Jump Game medium

Problem Statement

Given an array of non-negative integers nums, you are initially positioned at the first index of the array.

Each element in the array represents your maximum jump length at that position.

Determine if you are able to reach the last index.

Example 1

nums = [2,3,1,1,4]

Output: true

Explanation: Jump 1 step from index 0 to 1, then 3 steps to the last index.

Example 2

nums = [3,2,1,0,4]

Output: false

Explanation: You will always arrive at index 3 no matter what. Its maximum jump length is 0, which makes it impossible to reach the last index.

Steps and Explanation

This problem can be solved using a greedy approach. We maintain a variable reachable which represents the furthest index we can reach so far. We iterate through the array. For each index i, if i is within the reachable range (i <= reachable), we update reachable to the maximum of its current value and i + nums[i] (the furthest we can reach from index i).

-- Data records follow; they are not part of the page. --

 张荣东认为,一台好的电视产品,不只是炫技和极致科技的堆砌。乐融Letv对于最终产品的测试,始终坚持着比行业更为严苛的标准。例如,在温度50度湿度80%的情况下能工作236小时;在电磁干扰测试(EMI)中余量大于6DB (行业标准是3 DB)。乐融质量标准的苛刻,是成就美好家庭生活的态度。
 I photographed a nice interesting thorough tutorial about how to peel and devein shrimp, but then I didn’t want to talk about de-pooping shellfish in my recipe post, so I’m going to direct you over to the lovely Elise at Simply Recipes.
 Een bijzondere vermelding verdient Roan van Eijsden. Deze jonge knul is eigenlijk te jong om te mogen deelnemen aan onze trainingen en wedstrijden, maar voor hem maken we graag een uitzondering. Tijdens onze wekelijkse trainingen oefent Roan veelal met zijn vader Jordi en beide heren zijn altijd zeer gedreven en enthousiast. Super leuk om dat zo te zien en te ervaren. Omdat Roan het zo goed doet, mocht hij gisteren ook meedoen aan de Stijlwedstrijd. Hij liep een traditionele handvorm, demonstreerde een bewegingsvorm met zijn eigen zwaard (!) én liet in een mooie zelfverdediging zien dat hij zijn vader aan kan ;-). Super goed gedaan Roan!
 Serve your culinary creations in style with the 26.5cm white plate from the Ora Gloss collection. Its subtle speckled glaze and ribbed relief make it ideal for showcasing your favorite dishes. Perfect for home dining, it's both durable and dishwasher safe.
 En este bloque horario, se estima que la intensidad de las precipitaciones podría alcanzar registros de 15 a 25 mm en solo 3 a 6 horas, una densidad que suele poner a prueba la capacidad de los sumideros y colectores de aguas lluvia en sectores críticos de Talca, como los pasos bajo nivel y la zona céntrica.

If after iterating through the entire array, reachable is greater than or equal to the last index, it means we can reach the end, and we return true. Otherwise, we return false.

Code (Java)

class Solution {
    public boolean canJump(int[] nums) {
        int n = nums.length;
        if (n <= 1) return true; // Already at the end or only one element

        int reachable = 0; // Furthest index reachable so far

        for (int i = 0; i < n; i++) {
            if (i > reachable) return false; // Cannot reach current index

            reachable = Math.max(reachable, i + nums[i]); // Update reachable index
            if (reachable >= n - 1) return true; // Reached the end
        }

        return false; // Should not reach here if reachable is updated correctly
    }
}

Complexity

• Time Complexity: O(n), where n is the length of the input array. We iterate through the array once.
• Space Complexity: O(1). We use only a constant amount of extra space.

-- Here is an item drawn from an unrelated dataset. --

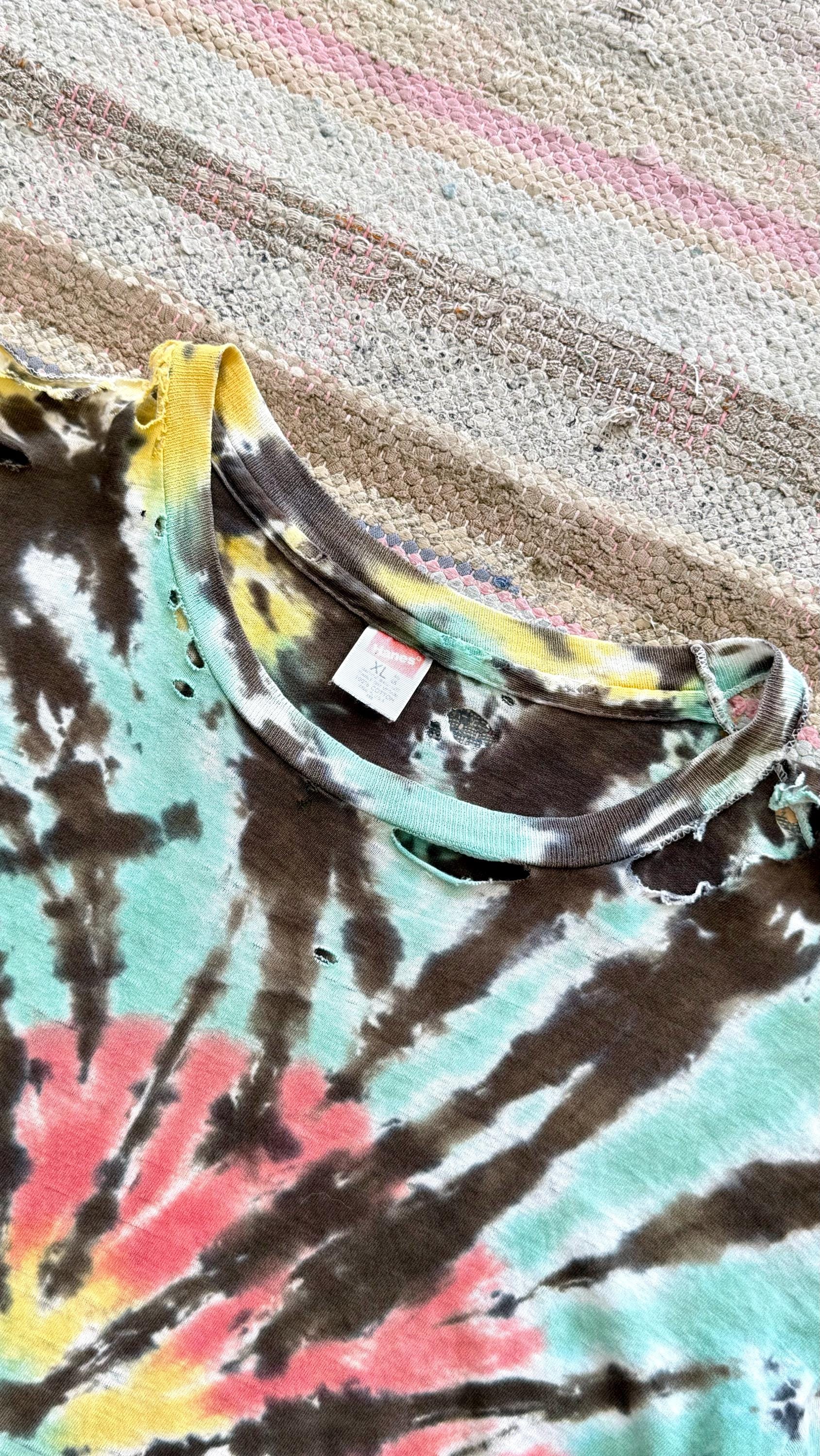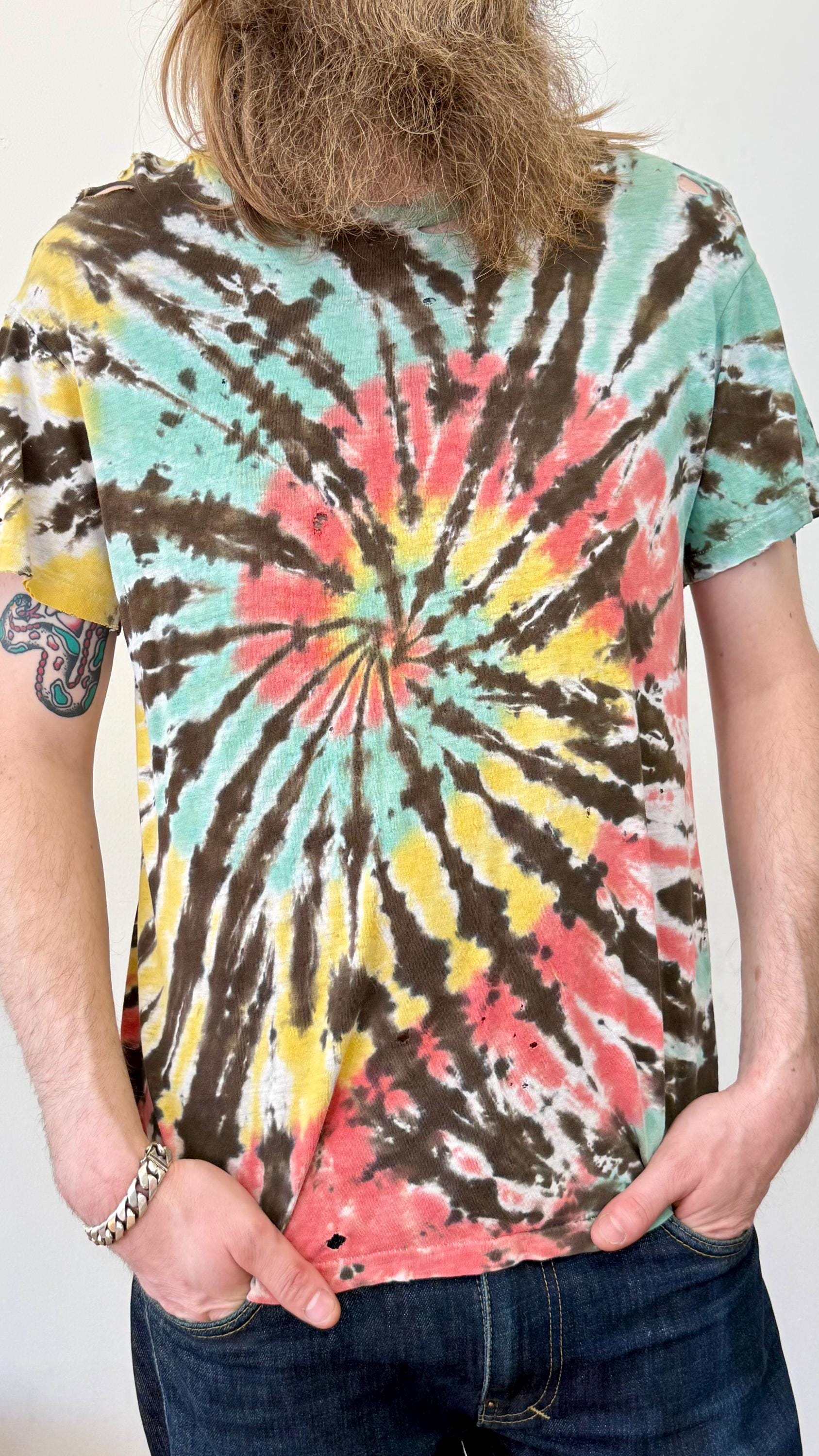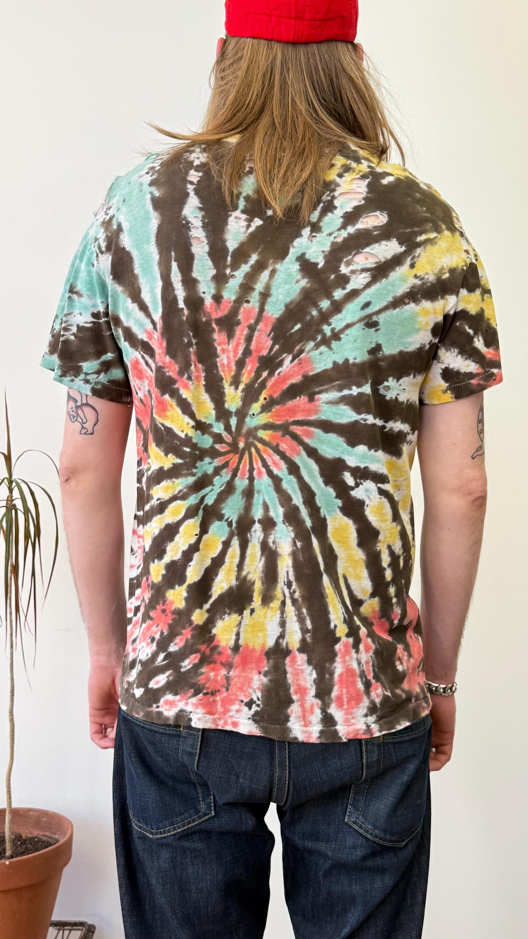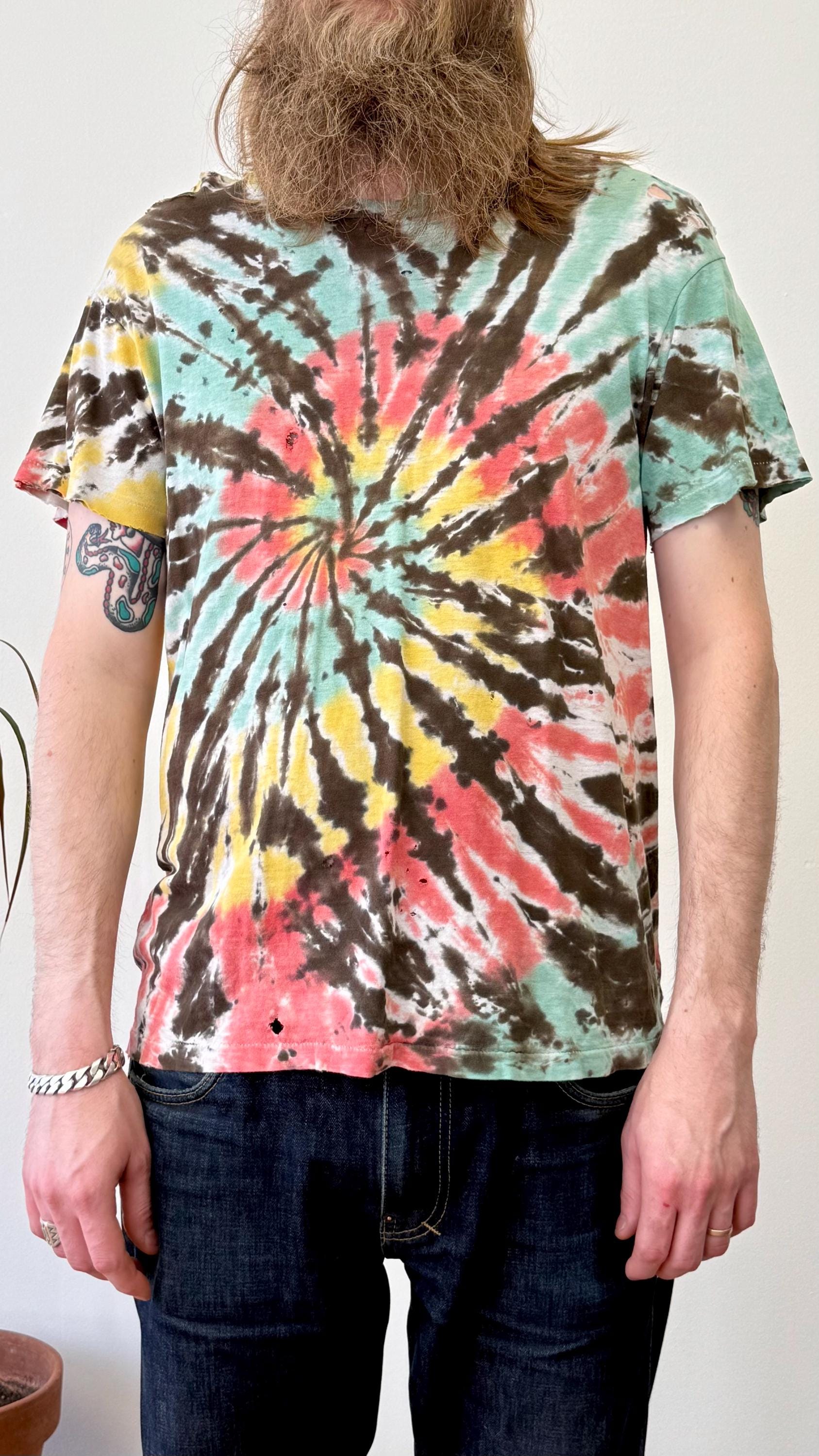 An authentic vintage t shirt featuring original tie dye spiral design. sun faded coloring. heavily worn, paper thin thrashed tee. stretches to fit. Hanes label. made in USA

Detailed Walkthrough of Example 1 ([2,3,1,1,4])

1. n = 5, reachable = 0
2. Iteration 1 (i=0): 0 <= 0 (true), reachable = max(0, 0+2) = 2
3. Iteration 2 (i=1): 1 <= 2 (true), reachable = max(2, 1+3) = 4
4. Iteration 3 (i=2): 2 <= 4 (true), reachable = max(4, 2+1) = 4
5. Iteration 4 (i=3): 3 <= 4 (true), reachable = max(4, 3+1) = 4
6. Iteration 5 (i=4): 4 <= 4 (true), reachable = max(4, 4+4) = 8. Since reachable (8) >= n-1 (4), the function returns true.

Detailed Walkthrough of Example 2 ([3,2,1,0,4])

1. n = 5, reachable = 0
2. Iteration 1 (i=0): 0 <= 0 (true), reachable = max(0, 0+3) = 3
3. Iteration 2 (i=1): 1 <= 3 (true), reachable = max(3, 1+2) = 3
4. Iteration 3 (i=2): 2 <= 3 (true), reachable = max(3, 2+1) = 3
5. Iteration 4 (i=3): 3 <= 3 (true), reachable = max(3, 3+0) = 3. Here, we reach index 3, but the maximum jump is 0.
6. The loop continues, but i (4) will be greater than reachable (3), so the function returns false.

This demonstrates how the greedy approach efficiently determines if the end of the array is reachable.